TASK PROMPT :: With the pictures omitted, print exactly the lines below, from the one containing "Silver Engraved MD" through the one containing "Атомы элементов –", and nothing else.

RECORDS FOR THE TASK ::
------------------------------------------------------------

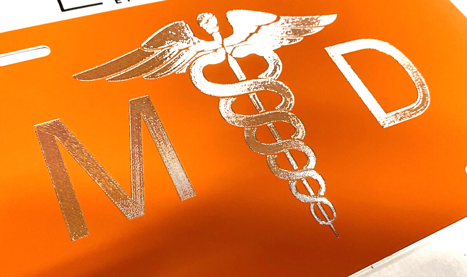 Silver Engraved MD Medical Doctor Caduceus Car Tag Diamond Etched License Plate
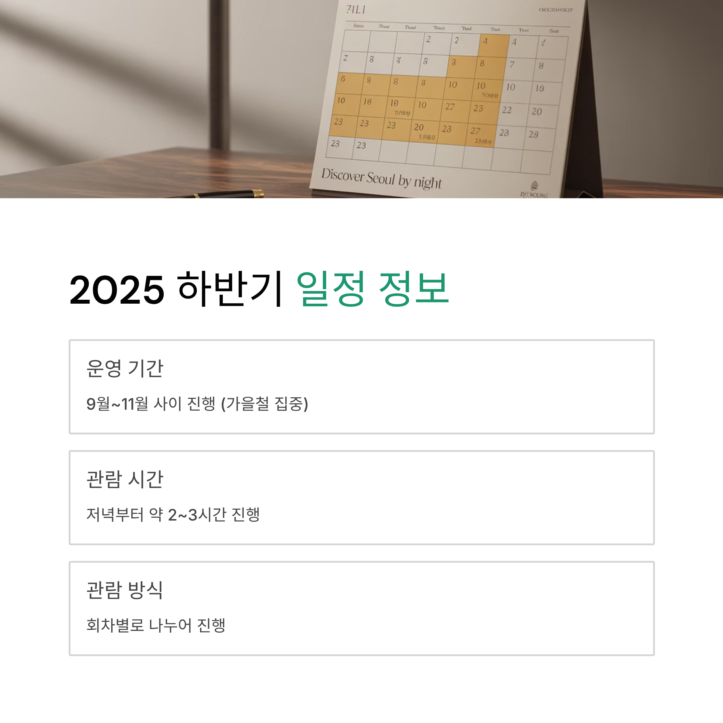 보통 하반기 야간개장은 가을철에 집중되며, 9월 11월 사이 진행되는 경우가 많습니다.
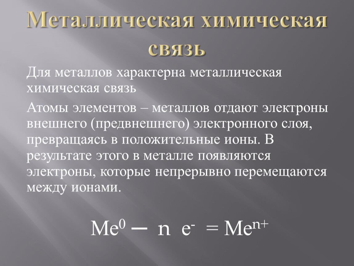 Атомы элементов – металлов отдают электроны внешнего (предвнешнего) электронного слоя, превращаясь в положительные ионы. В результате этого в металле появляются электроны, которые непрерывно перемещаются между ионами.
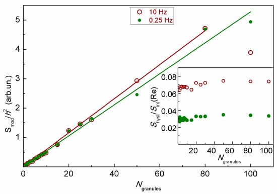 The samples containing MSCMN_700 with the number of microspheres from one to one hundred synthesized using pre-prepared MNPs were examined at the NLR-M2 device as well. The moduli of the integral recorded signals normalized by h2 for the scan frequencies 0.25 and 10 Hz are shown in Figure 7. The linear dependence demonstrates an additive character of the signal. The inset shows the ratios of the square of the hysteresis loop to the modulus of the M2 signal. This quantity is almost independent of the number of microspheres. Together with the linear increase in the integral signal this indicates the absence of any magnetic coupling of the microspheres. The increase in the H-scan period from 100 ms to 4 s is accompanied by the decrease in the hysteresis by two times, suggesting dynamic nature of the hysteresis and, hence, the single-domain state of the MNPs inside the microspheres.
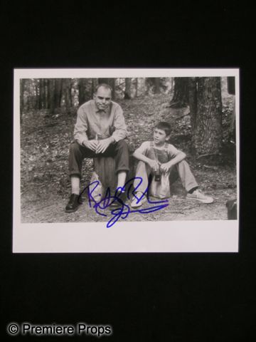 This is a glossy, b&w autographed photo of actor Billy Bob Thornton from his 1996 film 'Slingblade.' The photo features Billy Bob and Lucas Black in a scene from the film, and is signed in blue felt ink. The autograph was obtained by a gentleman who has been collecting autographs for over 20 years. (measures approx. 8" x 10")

------------------------------------------------------------

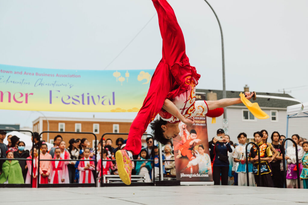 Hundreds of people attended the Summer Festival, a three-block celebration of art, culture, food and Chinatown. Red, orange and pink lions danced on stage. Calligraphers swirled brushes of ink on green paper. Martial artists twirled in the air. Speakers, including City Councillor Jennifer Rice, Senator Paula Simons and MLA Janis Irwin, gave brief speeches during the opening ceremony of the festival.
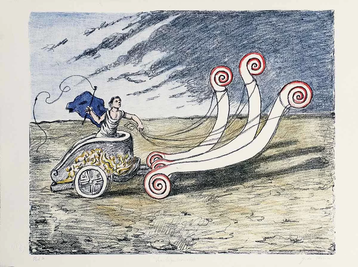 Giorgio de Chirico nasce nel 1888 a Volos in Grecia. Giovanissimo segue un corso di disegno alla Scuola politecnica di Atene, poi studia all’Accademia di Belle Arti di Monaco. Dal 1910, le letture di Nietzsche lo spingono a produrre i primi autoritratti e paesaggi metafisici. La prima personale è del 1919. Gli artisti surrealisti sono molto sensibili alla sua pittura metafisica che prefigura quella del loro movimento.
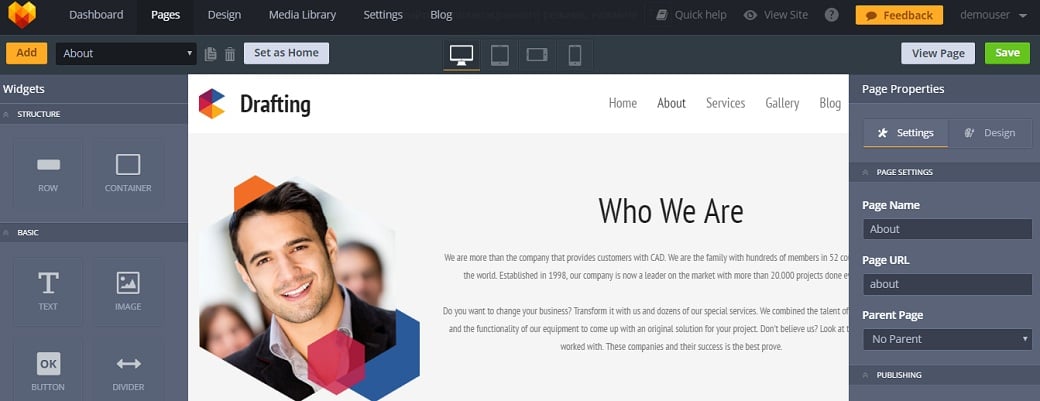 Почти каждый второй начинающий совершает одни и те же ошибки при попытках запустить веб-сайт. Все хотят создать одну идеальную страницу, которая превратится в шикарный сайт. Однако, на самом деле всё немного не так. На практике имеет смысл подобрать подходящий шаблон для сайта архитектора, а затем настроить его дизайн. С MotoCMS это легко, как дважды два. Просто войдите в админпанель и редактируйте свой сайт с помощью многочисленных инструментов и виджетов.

------------------------------------------------------------

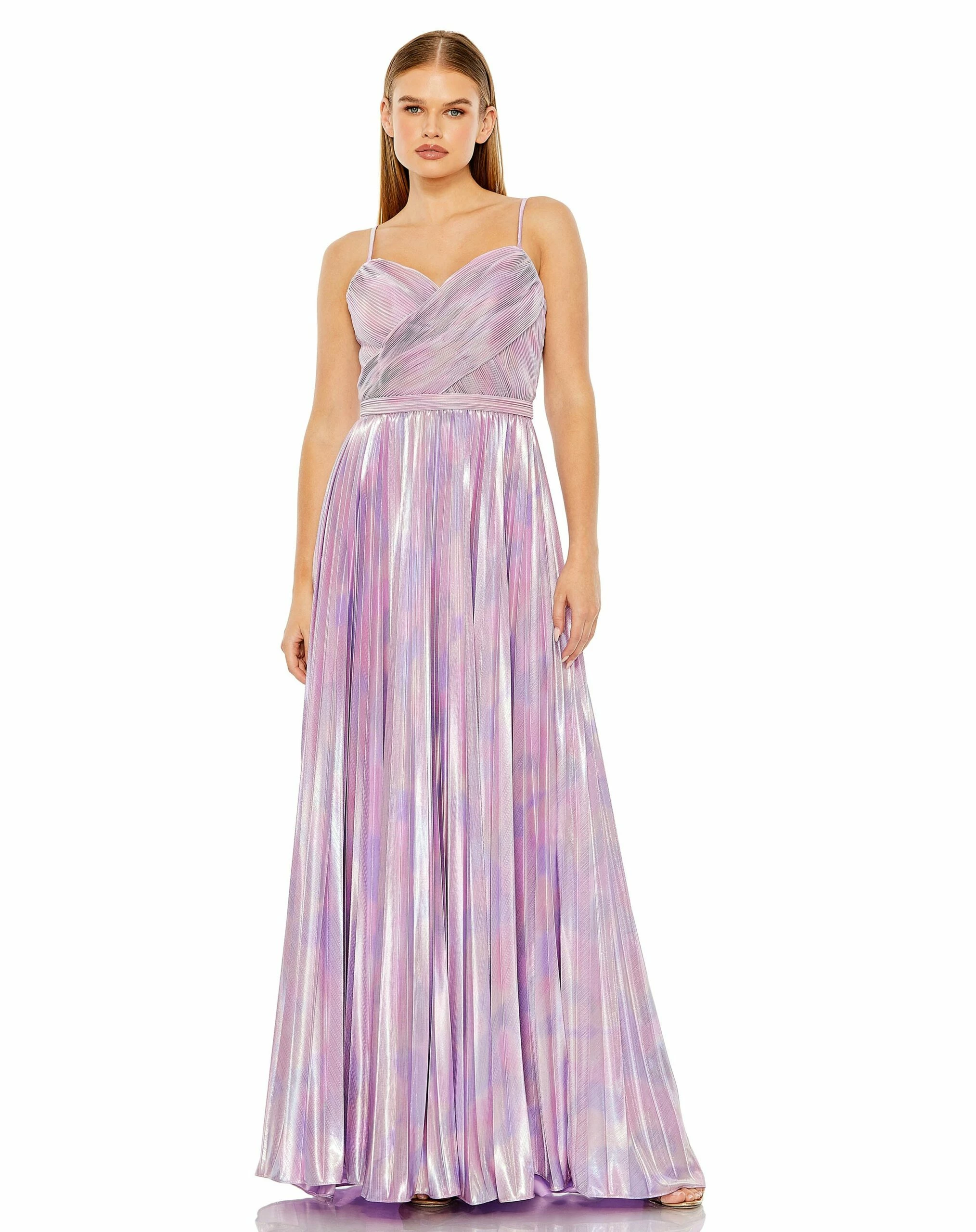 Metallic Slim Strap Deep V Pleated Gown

------------------------------------------------------------

EXERCISE RESPONSE ::
 Silver Engraved MD Medical Doctor Caduceus Car Tag Diamond Etched License Plate
 보통 하반기 야간개장은 가을철에 집중되며, 9월 11월 사이 진행되는 경우가 많습니다.
 Атомы элементов – металлов отдают электроны внешнего (предвнешнего) электронного слоя, превращаясь в положительные ионы. В результате этого в металле появляются электроны, которые непрерывно перемещаются между ионами.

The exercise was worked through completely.